[Material provided Boundary: Start]
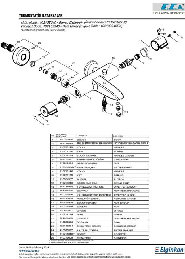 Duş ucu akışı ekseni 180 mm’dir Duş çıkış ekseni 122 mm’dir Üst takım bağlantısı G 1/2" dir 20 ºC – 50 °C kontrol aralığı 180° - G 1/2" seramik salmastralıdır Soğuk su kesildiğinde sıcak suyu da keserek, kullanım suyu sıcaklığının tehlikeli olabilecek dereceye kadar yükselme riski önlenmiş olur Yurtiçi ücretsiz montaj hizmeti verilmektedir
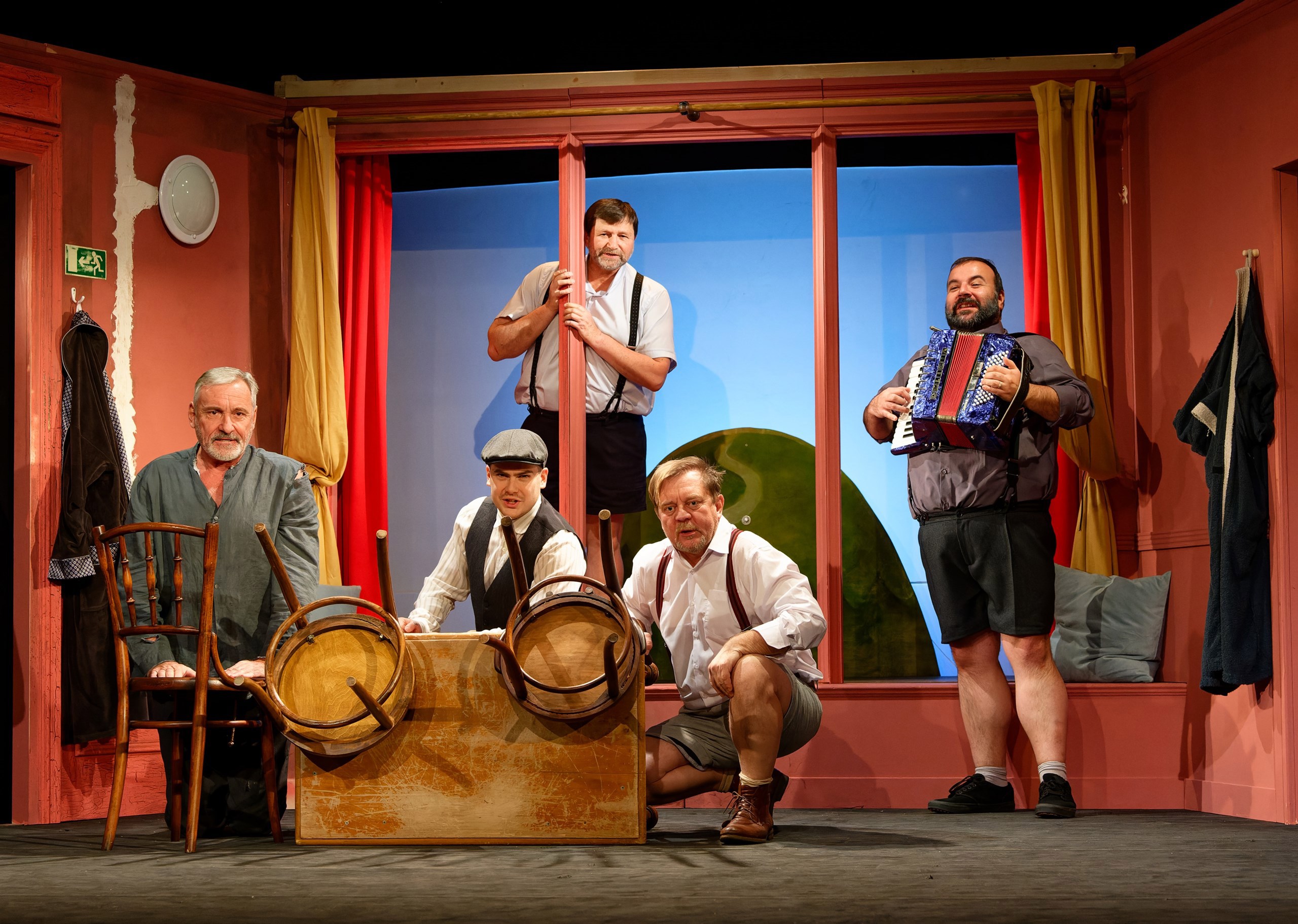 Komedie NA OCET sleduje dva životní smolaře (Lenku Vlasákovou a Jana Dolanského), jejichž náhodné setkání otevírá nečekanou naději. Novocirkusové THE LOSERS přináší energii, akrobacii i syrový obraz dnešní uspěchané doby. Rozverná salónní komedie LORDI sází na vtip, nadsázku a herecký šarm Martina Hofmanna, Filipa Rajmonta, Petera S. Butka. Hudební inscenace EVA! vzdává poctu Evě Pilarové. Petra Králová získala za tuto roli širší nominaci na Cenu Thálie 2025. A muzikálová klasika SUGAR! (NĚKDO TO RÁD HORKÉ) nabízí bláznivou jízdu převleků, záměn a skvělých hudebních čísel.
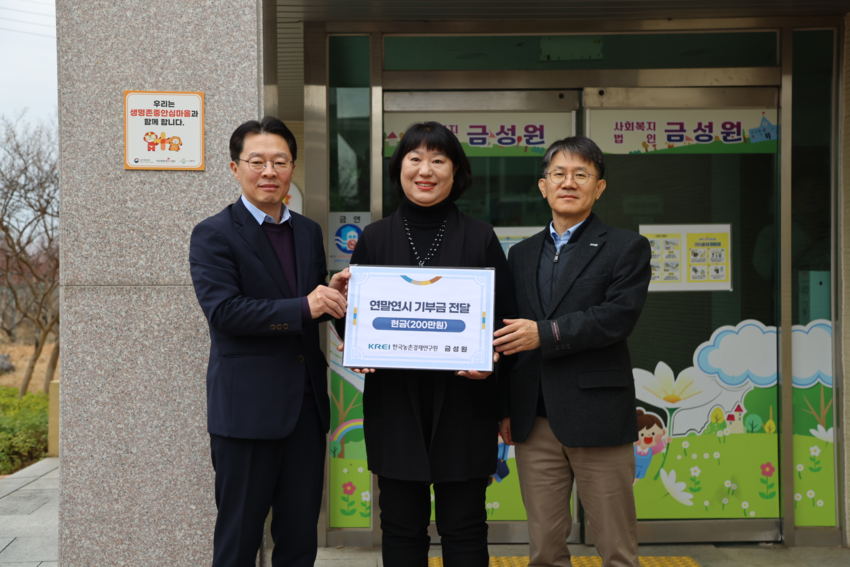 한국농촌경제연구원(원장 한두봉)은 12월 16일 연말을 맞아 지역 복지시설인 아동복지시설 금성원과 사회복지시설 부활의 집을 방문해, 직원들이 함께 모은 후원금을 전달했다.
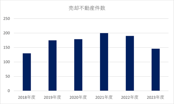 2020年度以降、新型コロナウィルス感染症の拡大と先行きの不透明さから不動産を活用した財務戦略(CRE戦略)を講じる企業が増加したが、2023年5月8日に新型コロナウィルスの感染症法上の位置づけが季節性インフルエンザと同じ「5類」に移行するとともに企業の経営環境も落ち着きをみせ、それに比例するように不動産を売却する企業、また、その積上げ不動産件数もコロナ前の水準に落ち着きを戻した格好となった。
[Material provided Boundary: End]
[Material provided Boundary: Start]
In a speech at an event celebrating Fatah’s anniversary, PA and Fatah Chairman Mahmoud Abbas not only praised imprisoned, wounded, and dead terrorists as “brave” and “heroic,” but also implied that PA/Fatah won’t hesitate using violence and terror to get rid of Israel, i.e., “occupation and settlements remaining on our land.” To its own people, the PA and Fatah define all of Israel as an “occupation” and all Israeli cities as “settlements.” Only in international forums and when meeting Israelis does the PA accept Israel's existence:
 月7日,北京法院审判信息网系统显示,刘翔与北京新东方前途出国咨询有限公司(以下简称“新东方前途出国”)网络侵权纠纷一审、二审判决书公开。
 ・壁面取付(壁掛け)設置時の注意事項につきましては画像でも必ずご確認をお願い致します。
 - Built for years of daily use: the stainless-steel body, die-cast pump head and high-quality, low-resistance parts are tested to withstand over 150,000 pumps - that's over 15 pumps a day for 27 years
[Material provided Boundary: End]
[Material provided Boundary: Start]
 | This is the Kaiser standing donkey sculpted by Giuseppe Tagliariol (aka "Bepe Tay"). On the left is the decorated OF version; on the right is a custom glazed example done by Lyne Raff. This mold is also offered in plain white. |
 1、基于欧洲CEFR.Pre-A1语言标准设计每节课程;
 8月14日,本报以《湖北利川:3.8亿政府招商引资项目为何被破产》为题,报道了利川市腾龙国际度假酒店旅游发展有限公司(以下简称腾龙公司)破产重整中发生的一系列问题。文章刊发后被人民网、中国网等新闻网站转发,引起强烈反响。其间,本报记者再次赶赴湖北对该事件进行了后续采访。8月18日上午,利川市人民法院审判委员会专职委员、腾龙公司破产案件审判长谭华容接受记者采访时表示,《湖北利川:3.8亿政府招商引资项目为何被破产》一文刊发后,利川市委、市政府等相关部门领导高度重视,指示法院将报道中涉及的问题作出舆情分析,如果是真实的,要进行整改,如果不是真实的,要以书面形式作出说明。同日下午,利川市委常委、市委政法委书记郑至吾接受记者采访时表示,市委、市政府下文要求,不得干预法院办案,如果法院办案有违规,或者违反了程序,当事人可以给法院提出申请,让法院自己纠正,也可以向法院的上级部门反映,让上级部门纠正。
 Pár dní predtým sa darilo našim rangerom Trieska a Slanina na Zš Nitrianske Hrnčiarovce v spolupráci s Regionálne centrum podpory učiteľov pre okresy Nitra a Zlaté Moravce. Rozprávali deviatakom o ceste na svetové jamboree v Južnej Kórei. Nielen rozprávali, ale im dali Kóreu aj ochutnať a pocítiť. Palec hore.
[Material provided Boundary: End]
Your objective = In the entries above, find the line with "Duş ucu akışı" and the line with "한국농촌경제연구원(원장 한두봉)은 12월". Return exactly those lines and all the ones between them, pictures excluded.

Exercise result =
 Duş ucu akışı ekseni 180 mm’dir Duş çıkış ekseni 122 mm’dir Üst takım bağlantısı G 1/2" dir 20 ºC – 50 °C kontrol aralığı 180° - G 1/2" seramik salmastralıdır Soğuk su kesildiğinde sıcak suyu da keserek, kullanım suyu sıcaklığının tehlikeli olabilecek dereceye kadar yükselme riski önlenmiş olur Yurtiçi ücretsiz montaj hizmeti verilmektedir
 Komedie NA OCET sleduje dva životní smolaře (Lenku Vlasákovou a Jana Dolanského), jejichž náhodné setkání otevírá nečekanou naději. Novocirkusové THE LOSERS přináší energii, akrobacii i syrový obraz dnešní uspěchané doby. Rozverná salónní komedie LORDI sází na vtip, nadsázku a herecký šarm Martina Hofmanna, Filipa Rajmonta, Petera S. Butka. Hudební inscenace EVA! vzdává poctu Evě Pilarové. Petra Králová získala za tuto roli širší nominaci na Cenu Thálie 2025. A muzikálová klasika SUGAR! (NĚKDO TO RÁD HORKÉ) nabízí bláznivou jízdu převleků, záměn a skvělých hudebních čísel.
 한국농촌경제연구원(원장 한두봉)은 12월 16일 연말을 맞아 지역 복지시설인 아동복지시설 금성원과 사회복지시설 부활의 집을 방문해, 직원들이 함께 모은 후원금을 전달했다.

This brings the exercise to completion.